Going to Golf stores is a sacrifice for me, because I find nothing more exhausting than watching my husband try out the different irons and listen to him explain their qualities. My husband completely ignores the fact that I have no interest in Golf. But I have found a way of dealing with that. When we started dating, some 100 years ago, I would  try to look  interested.  I even watched golf on TV with him and pretend it was fun! Can you imagine! I never watch Golf on TV nowadays. We are married.  But now I have a way of dealing with trips to the Golf store by nodding my head in agreement, when I think it’s appropriate and he seems to be happy with that.

In the golf store a huge male mannequin caught my attention, at least eight feet tall and so muscular that it was quite hilarious. The biceps were  the size of my waist and it’s buttocks were like two humongous genetically altered watermelons, seedless of course. I asked a wimpish male staff member, if he didn’t feel intimidated or threatened by the size of the mannequin.  I wanted to show him my support.  He was quick to answer but somewhat densely: ” He’s not THAT big!” Right!  If my husband had not, at this point in time already finished trying all the clubs in the store, I would have asked to speak to the supervisor. Males have image issues too. People tend to forget that!

At last we were on our way to the Salvation Army. The Salvation Army is in the middle of my city’s Skid row, a truly appropriate setting where Heaven and Hell meet. I love going there scouting for junk, and have found incredible things there. Today was my lucky day. They had three new pianos in.

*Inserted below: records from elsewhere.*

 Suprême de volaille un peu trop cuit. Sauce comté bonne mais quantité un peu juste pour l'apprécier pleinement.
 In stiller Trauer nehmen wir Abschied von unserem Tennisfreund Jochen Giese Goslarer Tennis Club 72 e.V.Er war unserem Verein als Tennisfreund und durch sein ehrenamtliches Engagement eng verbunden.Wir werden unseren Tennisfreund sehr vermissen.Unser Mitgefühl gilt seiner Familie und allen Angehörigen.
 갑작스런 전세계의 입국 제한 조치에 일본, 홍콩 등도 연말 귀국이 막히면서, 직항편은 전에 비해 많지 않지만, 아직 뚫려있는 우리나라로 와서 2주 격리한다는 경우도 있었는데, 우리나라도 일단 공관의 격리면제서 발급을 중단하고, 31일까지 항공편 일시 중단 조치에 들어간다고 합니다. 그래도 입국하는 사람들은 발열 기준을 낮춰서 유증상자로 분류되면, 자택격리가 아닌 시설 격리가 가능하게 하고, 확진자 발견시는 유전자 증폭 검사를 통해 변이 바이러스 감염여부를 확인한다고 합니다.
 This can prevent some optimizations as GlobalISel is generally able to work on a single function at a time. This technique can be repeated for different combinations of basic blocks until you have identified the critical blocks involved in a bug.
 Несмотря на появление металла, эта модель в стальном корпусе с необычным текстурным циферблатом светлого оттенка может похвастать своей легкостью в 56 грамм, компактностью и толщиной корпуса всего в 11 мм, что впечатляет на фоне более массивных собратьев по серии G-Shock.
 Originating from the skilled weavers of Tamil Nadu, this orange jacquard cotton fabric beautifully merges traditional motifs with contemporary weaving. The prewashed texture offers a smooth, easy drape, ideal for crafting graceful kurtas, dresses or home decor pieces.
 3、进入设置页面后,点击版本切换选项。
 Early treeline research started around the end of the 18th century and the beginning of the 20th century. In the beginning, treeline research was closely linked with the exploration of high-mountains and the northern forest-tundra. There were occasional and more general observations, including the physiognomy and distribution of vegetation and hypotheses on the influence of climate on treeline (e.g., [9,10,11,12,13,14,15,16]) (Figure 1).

One was already taken as an elderly drunkard sat snoring on the keyboard, contemplating how to fit it into a shopping cart, so I didn’t dare to even look at it further.

But in the middle of the “show room” was a beautiful black upright piano, a 1902 Decker and Sons, so rugged on the outside but, oh, so beautiful! It looked like an persistent old bar singer, that just won’t stop performing. I touched the keyboard and played “Mary had a little lamb” from my extended repertoire , and it sounded wonderfully. So smooth and charming and miraculously in tune. I played every note to see if it was intact and it responded beautifully. The sustain pedal was there, but the other two were lying on top of the piano. Well, that can be fixed.

I shouted my husbands name.  I love that you can shout in the Salvation Army and nobody thinks it’s strange, and shouted again, very  resonantly. In the distance, I could see, that a pair of Gary Glitter boots had absorbed my husbands attention.  He is a closet Glam Rocker. I shouted once more, so effectively that the old drunkard sitting by the already taken piano, moved his head down an octave. 

Finally my husband came along and I forced him to try the instrument. He played, and played and played, and was surprised how wonderfully it sounded. An old teary eyed hooker walked by and applauded him. The price tag was equally wonderful. $300. We talked about how we would restore it, clean up the wood, strings etc. This was a mesmerizing moment. We were both in love. This was a  passionate ménage á trois, in the making.

We are bringing it home on Friday. An endearing toothless shop assistant came to us and explained that we should not buy it until Friday because on Fridays, he whispered, everything goes half-price!  Even better. 150 bucks for a Decker and Sons 1902 upright piano with an experienced look and heart of gold. No question!